#### Exercise brief:
From the records below, output exactly the lines starting at the line with "South wall of" and ending at the line with "Heavy-Duty Steel Frame: Built", both of them included, but no pictures.

#### Given records:
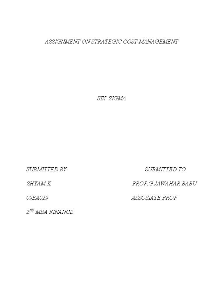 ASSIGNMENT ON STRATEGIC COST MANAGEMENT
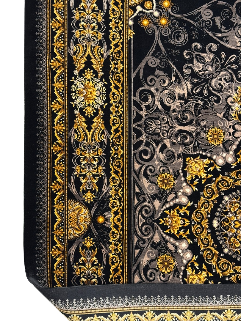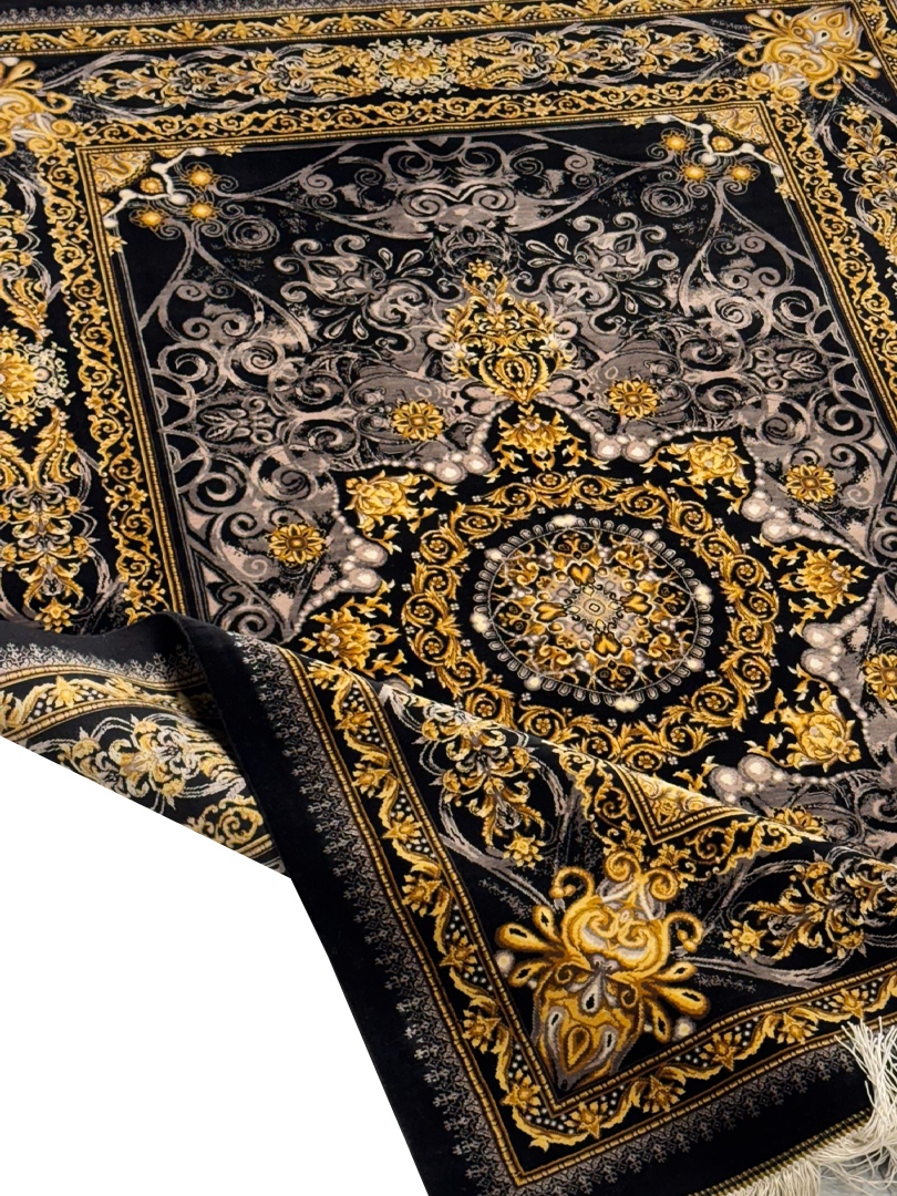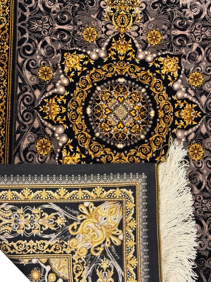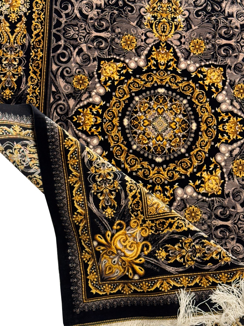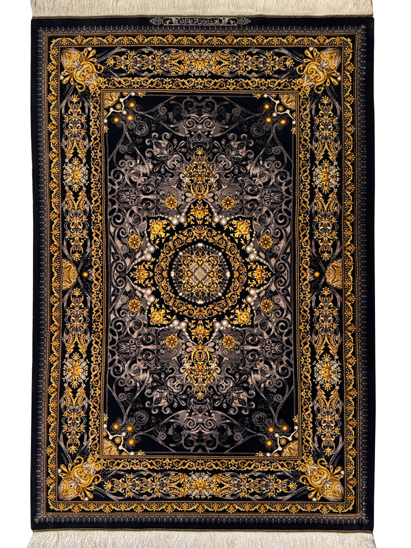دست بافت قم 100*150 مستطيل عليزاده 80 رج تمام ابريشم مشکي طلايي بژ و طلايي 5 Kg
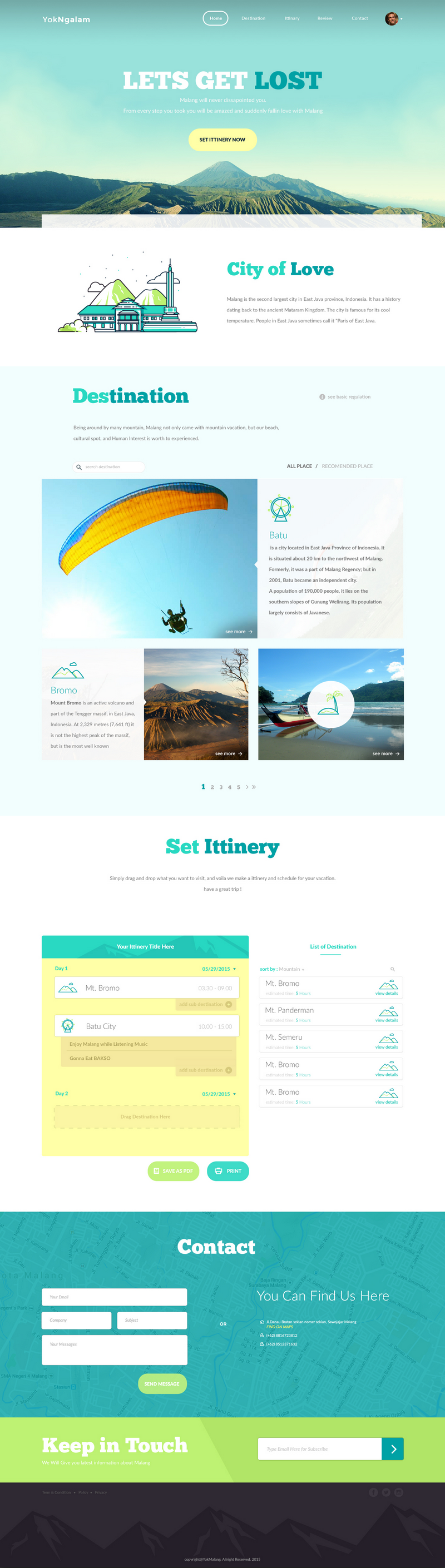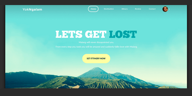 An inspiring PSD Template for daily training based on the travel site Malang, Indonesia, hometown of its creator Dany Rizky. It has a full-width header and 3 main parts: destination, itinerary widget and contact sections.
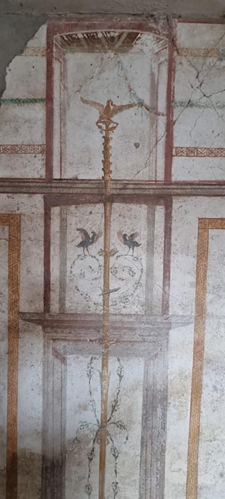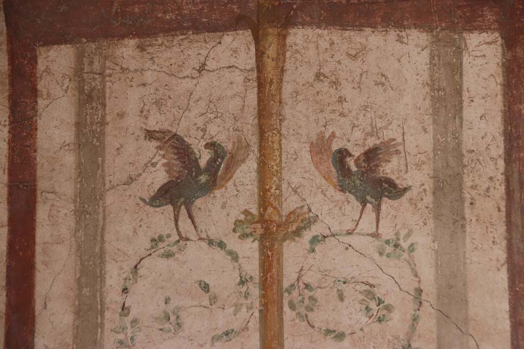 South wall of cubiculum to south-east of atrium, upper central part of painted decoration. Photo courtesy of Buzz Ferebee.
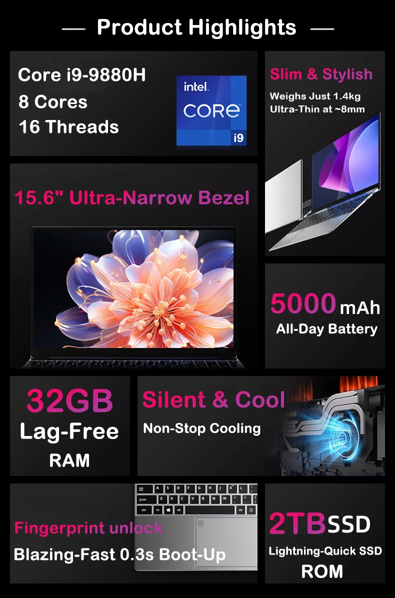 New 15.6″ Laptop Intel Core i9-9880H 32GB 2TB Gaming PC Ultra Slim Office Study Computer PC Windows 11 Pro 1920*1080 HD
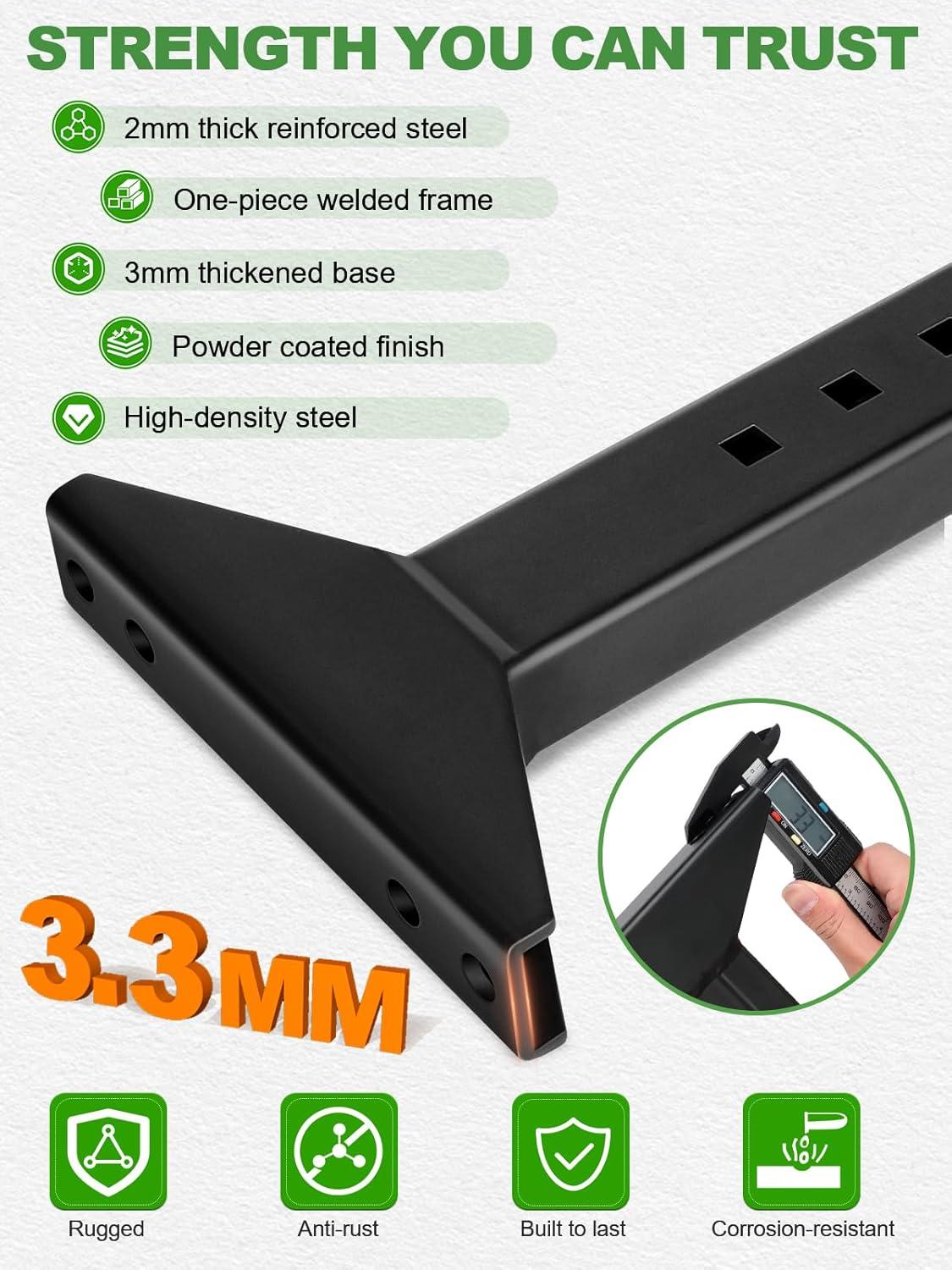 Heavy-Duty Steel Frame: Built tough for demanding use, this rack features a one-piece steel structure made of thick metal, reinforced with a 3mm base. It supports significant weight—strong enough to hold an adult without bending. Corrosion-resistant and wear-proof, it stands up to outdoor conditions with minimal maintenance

--

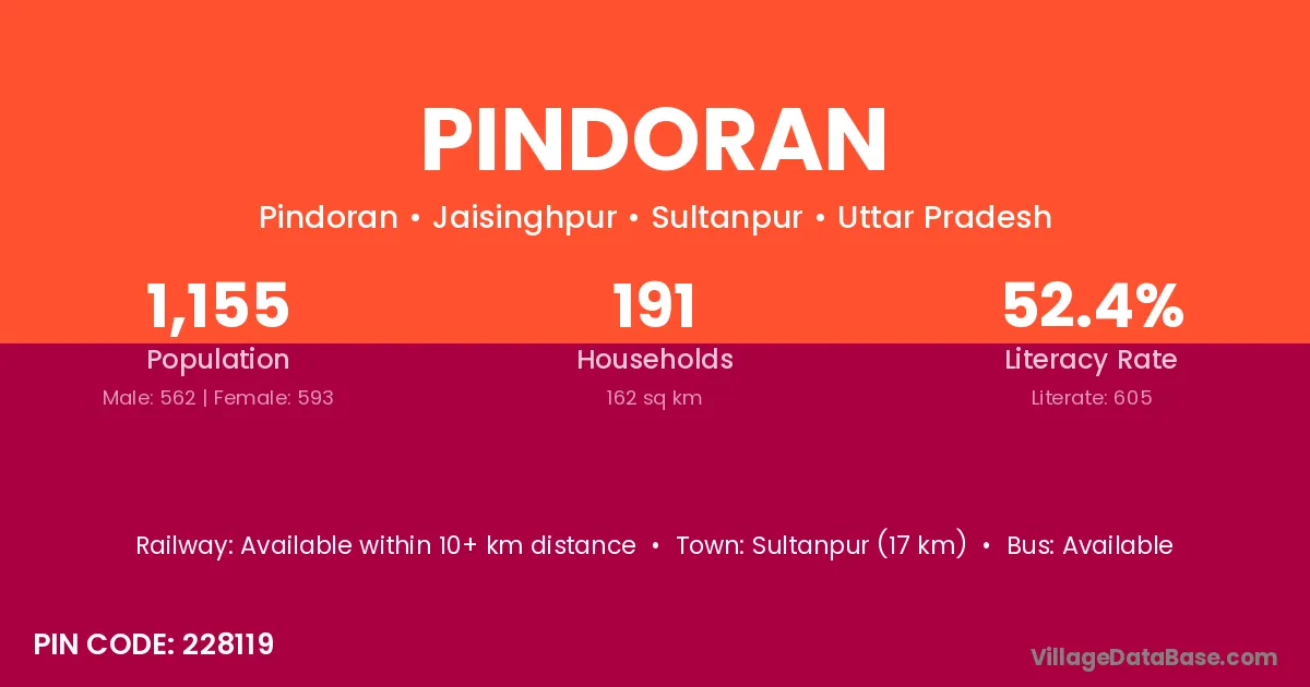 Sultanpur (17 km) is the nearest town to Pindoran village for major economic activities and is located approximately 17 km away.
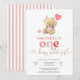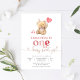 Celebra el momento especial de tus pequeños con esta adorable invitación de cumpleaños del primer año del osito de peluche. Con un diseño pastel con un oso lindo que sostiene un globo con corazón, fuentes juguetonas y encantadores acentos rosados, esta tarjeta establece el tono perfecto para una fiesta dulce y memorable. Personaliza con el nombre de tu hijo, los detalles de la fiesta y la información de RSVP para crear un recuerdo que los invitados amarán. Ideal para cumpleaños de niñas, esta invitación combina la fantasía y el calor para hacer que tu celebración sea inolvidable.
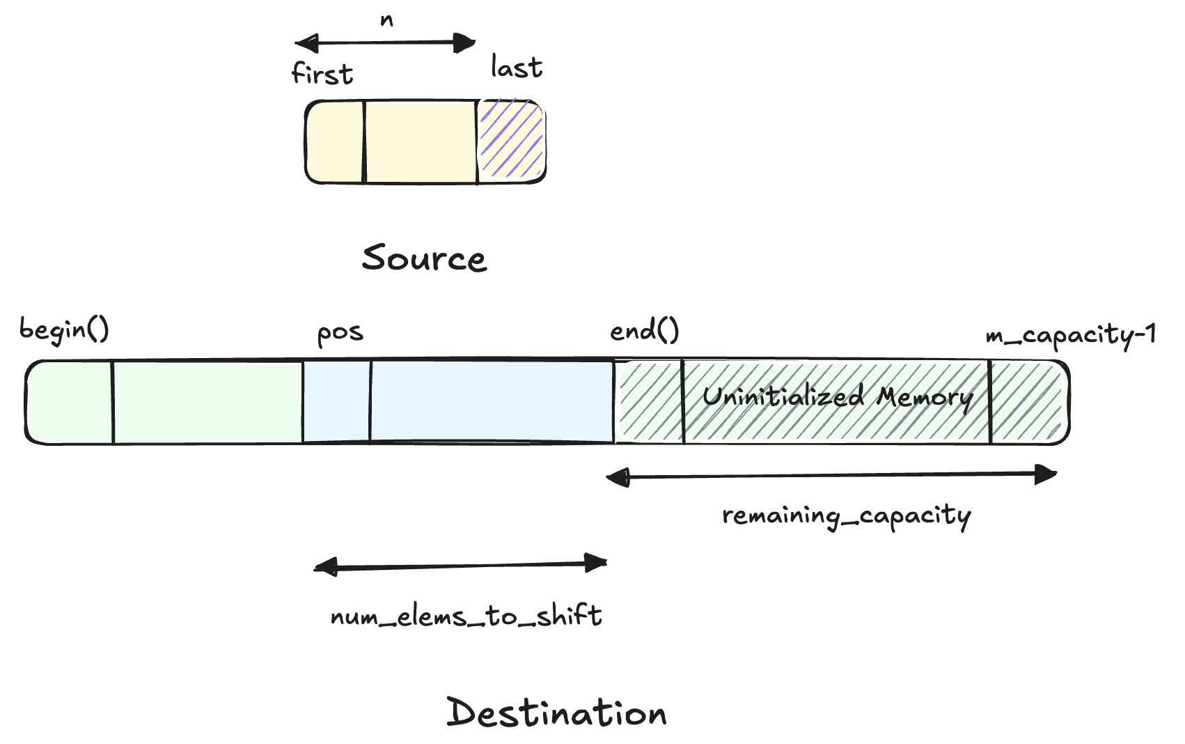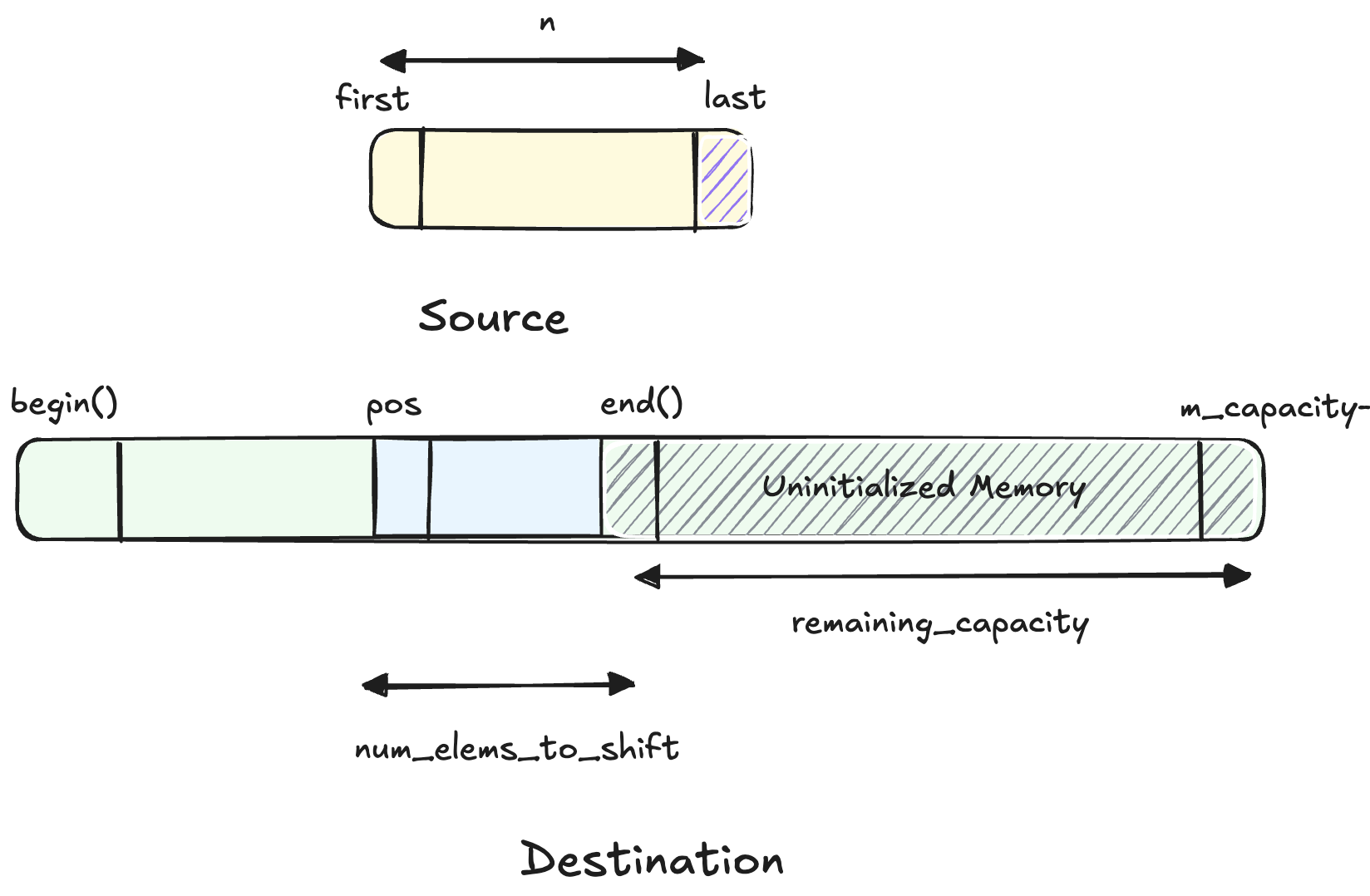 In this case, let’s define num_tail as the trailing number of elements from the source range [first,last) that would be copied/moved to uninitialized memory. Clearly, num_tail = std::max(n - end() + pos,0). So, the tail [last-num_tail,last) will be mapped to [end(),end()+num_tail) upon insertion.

...

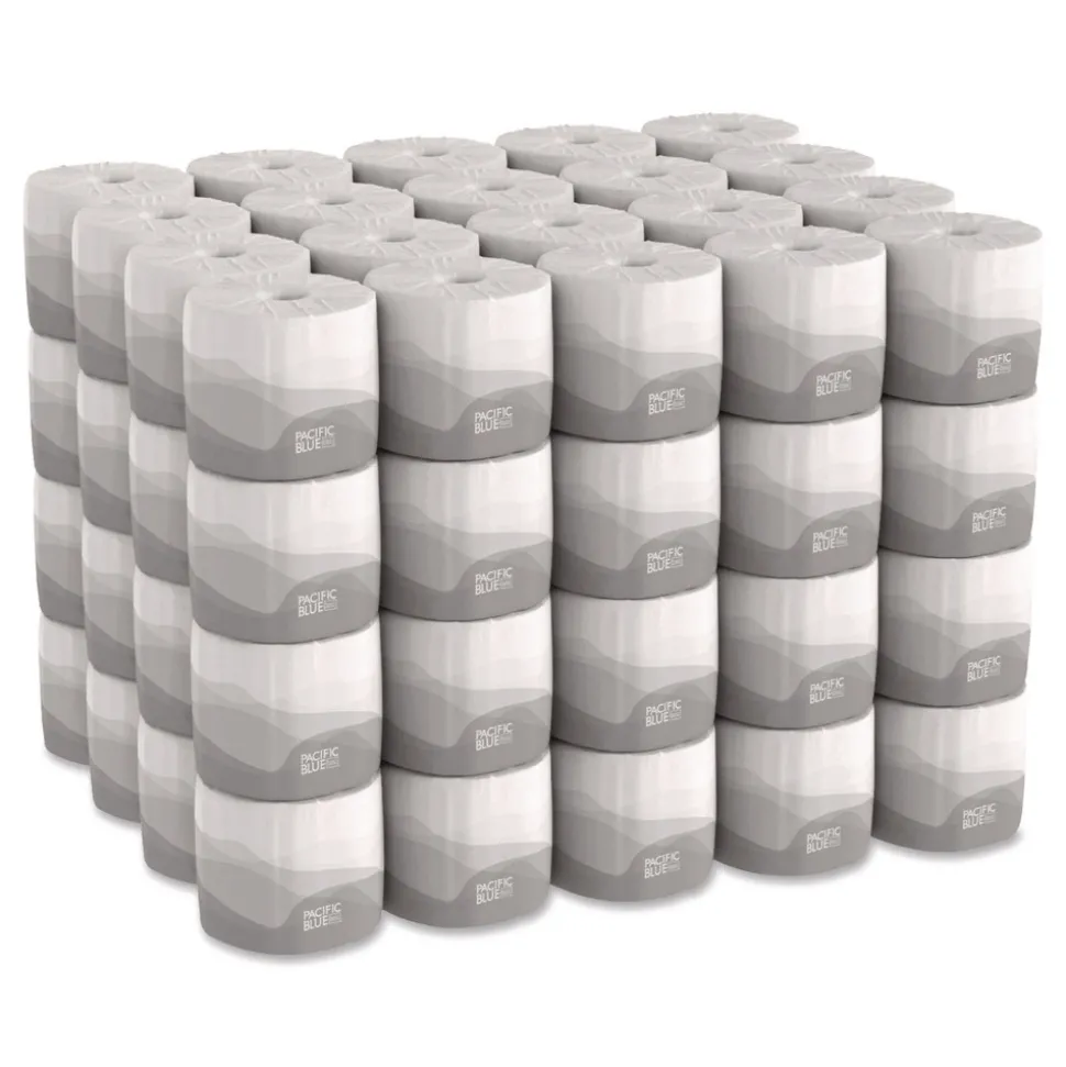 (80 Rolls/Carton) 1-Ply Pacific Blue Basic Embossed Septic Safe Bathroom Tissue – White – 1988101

#### Response box:
 South wall of cubiculum to south-east of atrium, upper central part of painted decoration. Photo courtesy of Buzz Ferebee.
 New 15.6″ Laptop Intel Core i9-9880H 32GB 2TB Gaming PC Ultra Slim Office Study Computer PC Windows 11 Pro 1920*1080 HD
 Heavy-Duty Steel Frame: Built tough for demanding use, this rack features a one-piece steel structure made of thick metal, reinforced with a 3mm base. It supports significant weight—strong enough to hold an adult without bending. Corrosion-resistant and wear-proof, it stands up to outdoor conditions with minimal maintenance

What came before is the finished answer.